Für diesen Film von Andreas Dresen über Hilde Coppi, eine Widerstandskämpferin der „Roten Kapelle“ gegen den Nationalsozialismus, braucht man starke Nerven. Er zeigt ihre letzten Lebensjahre, vor allem aber ihren Leidensweg in Gestapo-Haft bis zu ihrer Enthauptung.
Am Anfang steht ihre Verhaftung, doch die beklemmenden Verhör- und Gefängnisszenen werden immer wieder durch Rückblenden unterbrochen und aufgelockert, in denen Hilde im Widerstand an der Seite ihres Mannes Hans Coppi gezeigt wird.

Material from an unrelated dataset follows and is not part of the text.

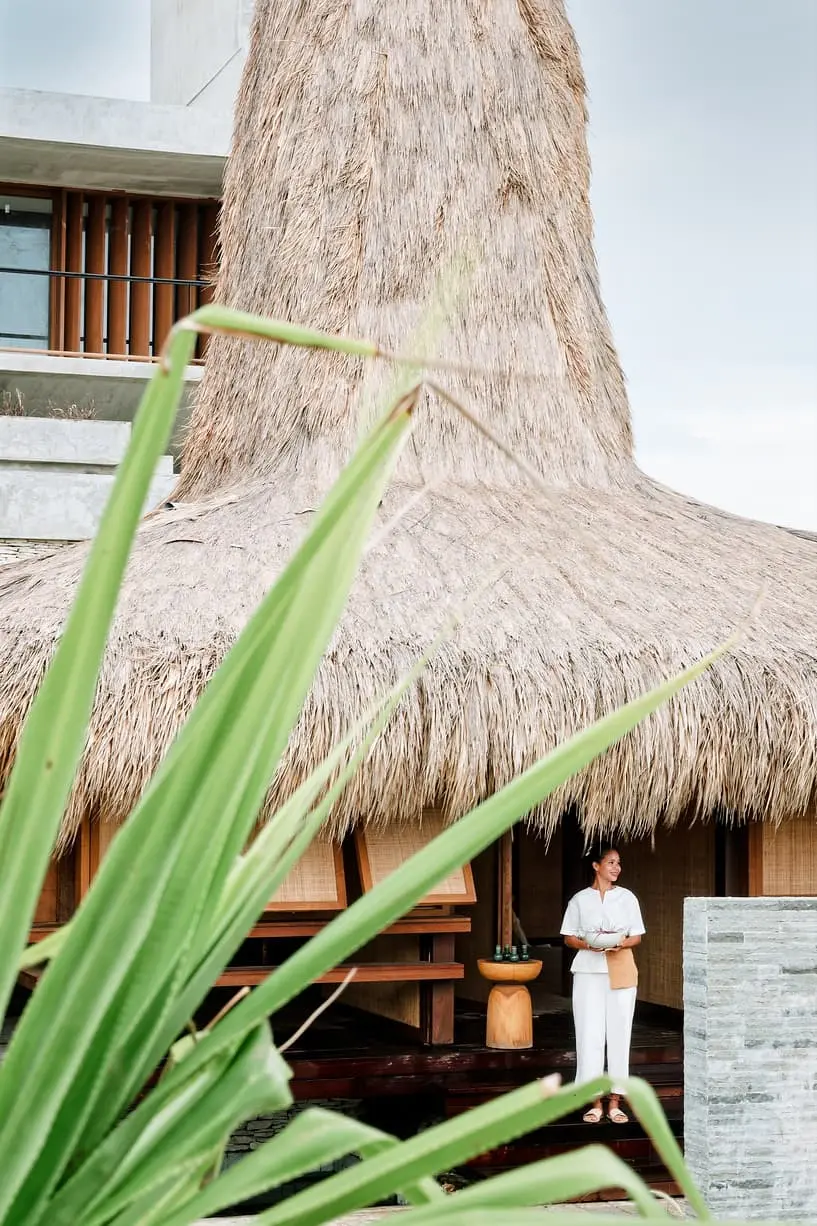 While it delivers a high level of comfort, it still stays closely tied to the island’s landscape and culture. The remote position is hard to beat: a hillside above a wide, undeveloped white-sand beach that still feels like a discovery.

Der Film stellt die menschliche Seite seiner Hauptfiguren und das individuelle Schicksal von Hilde und ihrer Familie in den Vordergrund, über die historischen Hintergründe und politischen Motive erfährt man sehr wenig. Das sei hier nachgeliefert:
Die „Rote Kapelle“
Der Name wurde der Gruppe von der Gestapo (Geheimpolizei der Nazis) gegeben. Als Kapelle bezeichnete man in Geheimdienstkreisen Funkstationen, die Informationen (Musik) ans Ausland senden – in diesem Fall an die „rote“ Sowjetunion (SU). 1938 war der jüdische Kommunist Leopold Trepper vom sowjetischen Geheimdienst nach Westeuropa geschickt worden, um ein Netz von Tarnfirmen und Sendestationen aufzubauen, die im Kriegsfall gegen Deutschland spionieren sollten. In seinem Buch „Die Wahrheit“ von 1975 rechnet er schonungslos mit Stalin und dem Stalinismus ab, auch wenn er sich ihm selbst untergeordnet hat. Als Stalin zu Beginn des Weltkriegs seinen Pakt mit Hitler schließt, wird Trepper sogar befohlen, die spätere „Rote Kapelle“ wieder aufzulösen, doch diese Anweisung befolgt er nicht. Im Gegensatz zu Stalin ist er überzeugt, dass es bald zum Krieg zwischen Nazi-Deutschland und der SU kommen wird und sein Agentennetz liefert Informationen zu den deutschen Angriffsvorbereitungen, die von Stalin in den Wind geschlagen werden. Als Hitler im Juni 1941 die SU überfällt, wird die „Rote Kapelle“ für über ein Jahr eine entscheidende Informationsquelle für die Rote Armee.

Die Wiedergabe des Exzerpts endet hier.